Ao G1, um colega de bancada de Renan Calheiros afirmou, sob condição de anonimato, que a série de críticas do líder do PMDB ao presidente está provocando “constrangimento”.

“Como senador, Renan tem todo direito de expressar seu descontentamento com o governo, mas deve ter cuidado ao se posicionar como líder, para evitar esses constrangimentos da bancada com o governo”, disse esse parlamentar.

“Há um desconforto muito grande. Essa postura está criando focos de insatisfação na bancada. Mas também não ninguém com perfil para liderar o PMDB no Senado neste momento de turbulência”, acrescentou.

Para outro senador do PMDB, que também pediu para não se identificar, Renan tem feito declarações “esquisitas” sobre Temer.

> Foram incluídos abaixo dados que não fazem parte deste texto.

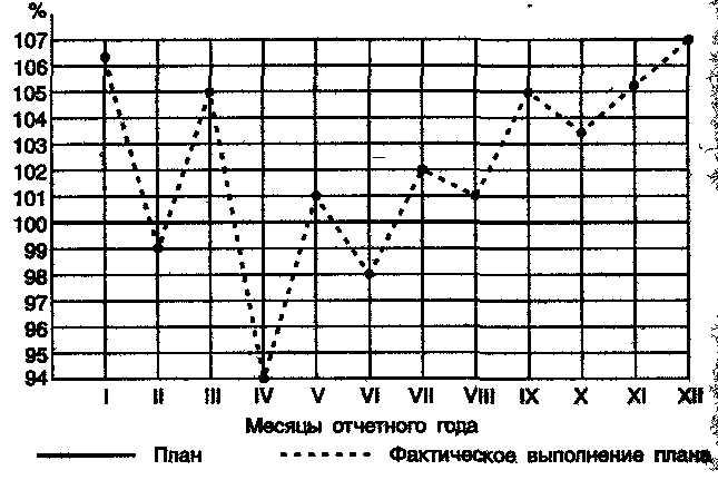 Для определения равномерности развития розничного товарооборота целесообразно также составить графики выполнение плана по месяцам

“Se o Renan, como líder, fizer uma orientação de votação contra o governo, eu não vou acompanhar. Ele é o líder, porém não sou obrigado a seguir sua orientação. Mas eu sou um conciliador, acho que temos que esquecer essas picuinhas, pensar no Brasil”, disse. “Não sei se chega a ter uma divisão [na bancada], mas há esse estranhamento”, completou.

Eleições de 2018
Para uma parte dos parlamentares peemedebistas ouvidos pelo G1, a série de críticas de Renan às medidas de Temer são motivadas pelas eleições do ano que vem, uma vez que o mandato do senador termina em 2018.

Esses parlamentares acrescentam, ainda, acreditar que Renan Calheiros tenta se “descolar” do presidente em função da baixa popularidade de Temer (segundo o Ibope, 10% consideram o governo “ótimo” ou “bom” e 55%, “ruim” ou “péssimo”) e das reformas enviadas ao Congresso, como a da Previdência e a trabalhista.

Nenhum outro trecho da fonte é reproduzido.